Koordinator aksi Pdt John Baransano pada saat itu mengajak masyarakat pendemo mengepalkan tangan sebagai simbol perkabungan bagi rakyat Papua sembari mengajak massa menyeruhkan Papua Merdeka, Papua Merdeka. “Mari kita berjuang melawan penindasan tanpa melakuka kekerasan,” tukas Baransano. Beberapa saat kemudian pimpinan dan anggota DPRP antara lain Yunus Wonda, Ruben Magay, Thomas Sondegau, Bob Pattipawae, Nasson Utti dan lain lain turun dari lantai dua menemui massa. Salah seorang penggagas hasil Mubes MRP, Dr Benny Giay menegaskan, pihaknya berada di tempat ini, karena satu berjuangan untuk mengembalikan Otsus, merebut kembali harga diri bangsa Papua, merebut kembali hak- hak rakyat Papua yang dirampas. Selanjutnya Giay dituntun Pdt John Baransano menyalahkan sebuah lilin sebagai suatu simbol mengenang para leluhur yang telah pergi selama lamanya demi membela hak- hak rakyat Papua.

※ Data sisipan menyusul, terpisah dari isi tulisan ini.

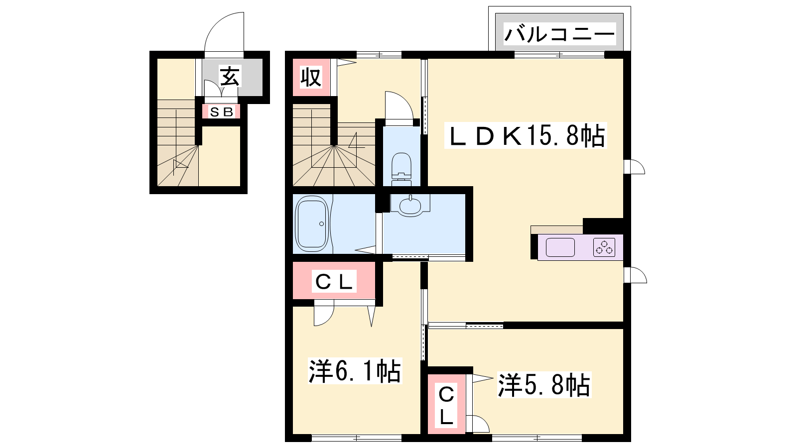 - LDK15.8帖、洋室6.1帖、洋室5.8帖

“Kami bukan bangsa bodoh seperti yang engkau pikirkan,” ucap Giay disambut pekikan merdeka dari massa. Ketua Komisi DPRP Ruben Magay menandaskan, tuntunan referendum adalah bagian dari akumulasi kegagalan kebijakan negara untuk melakukan evaluasi total dalam membangun rakyat Papua. “Referendum adalah jalan keluar yang menentukan masa depan rakyat Papua,” tutur politisi Partai Demokrat ini. Menurutnya, kalau masyarakat telah melakukan tuntutan referendum terhadap apa yang telah dikerjakan. Hal ini berpulang kepada kebijakan pemerintah daerah dan pemerintah pusat yang selama ini masa bodoh. Pemerintah dinilai gagal membangun rakyat Papua.

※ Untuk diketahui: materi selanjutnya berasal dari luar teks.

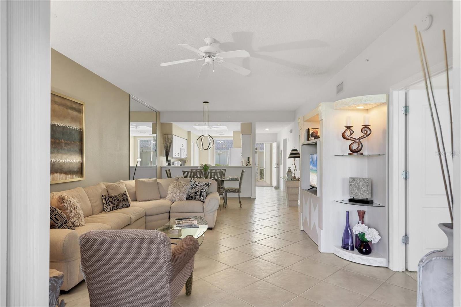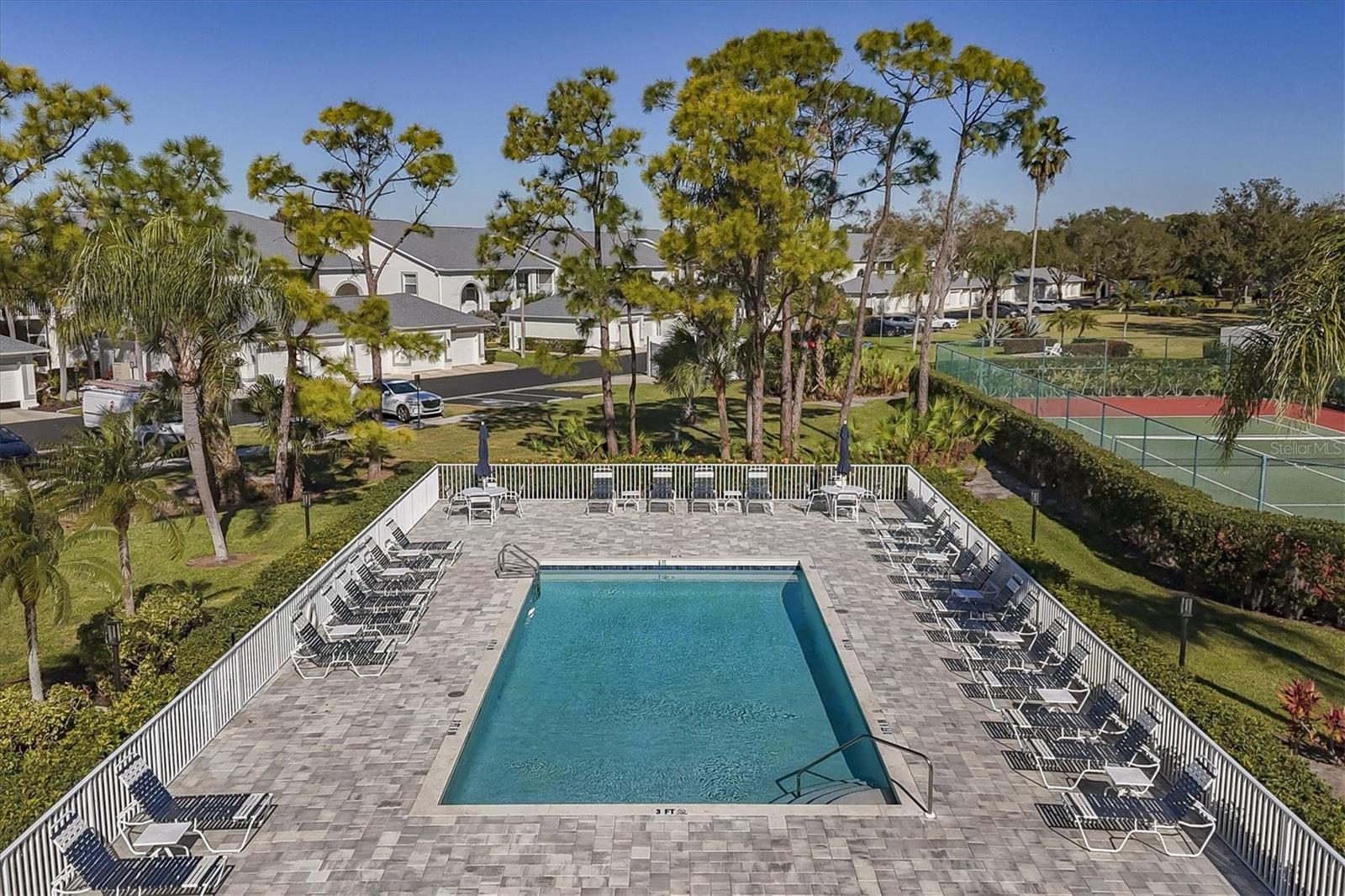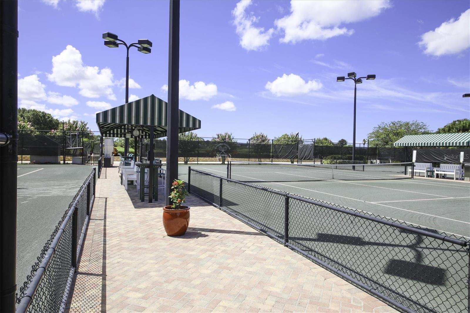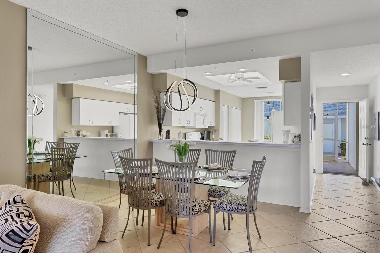 This highly sought-after first-floor condo, in Stoneybrook Golf & Country Club, offers 2 bedrooms, 2 full baths, front and rear lanais, and a detached garage. Thoughtfully updated, the residence features newer appliances, tile flooring throughout the main living areas, and a glass-enclosed rear lanai—perfect for enjoying year-round indoor-outdoor living. Enjoy serene views of the 18th fairway with a picturesque backdrop of a pond, palm trees, and mature live oaks. Located in Veranda Greens North, residents enjoy a nearby community pool and tennis court, along with full access to the exceptional Stoneybrook Golf & Country Club lifestyle. Amenities include a recently modernized 18-hole championship golf course, tennis, fitness center, pro shop, bocce ball, and a restaurant with both indoor and outdoor dining, plus a full bar. Ideally situated near the Legacy Trail and just minutes from Nokomis Beach, Siesta Key Beach, shopping, dining, and entertainment. This unit is being sold turnkey furnished, making it truly move-in ready. As an added value, the seller has paid the 2024 golf course modernization assessment in full saving the buyer over $6,000. More than a home, this is the Stoneybrook lifestyle.

Hari ini orang masih berbicara merdeka, OPM, separatis, referendum dan lain lain itu semua kegagalan Negara, khususnya mereka yang mendapat tugas negara untuk membangun Papua. “Kalau isu itu masih ada berarti mereka gagal mengindonesiakan Papua,” tukas Magay. Senada dengan itu, Anggota Komisi C DPRP Tony Infandi STh mengemukakan, tuntutan referendum adalah hal yang wajar dalam dunia internasional, apalagi Indonesia adalah salah satu negara yang sedang subur suburnya menghidupkan demokrasi, supermasi hukum, kebebasan menyampaikan pendapat, kebebasan pers dan perjuangan HAM dan lain lain. Pemerintah Indonesia tak boleh membatasi aspirasi rakyat, tapi justru pemerintah harus menyambut dengan positif karena aspirasi merupakan bagian dalam rangka mendapatkan pengakuan dari dunia internasional bahwa NKRI tak kaku dalam menjalankan aspek aspek tersebut.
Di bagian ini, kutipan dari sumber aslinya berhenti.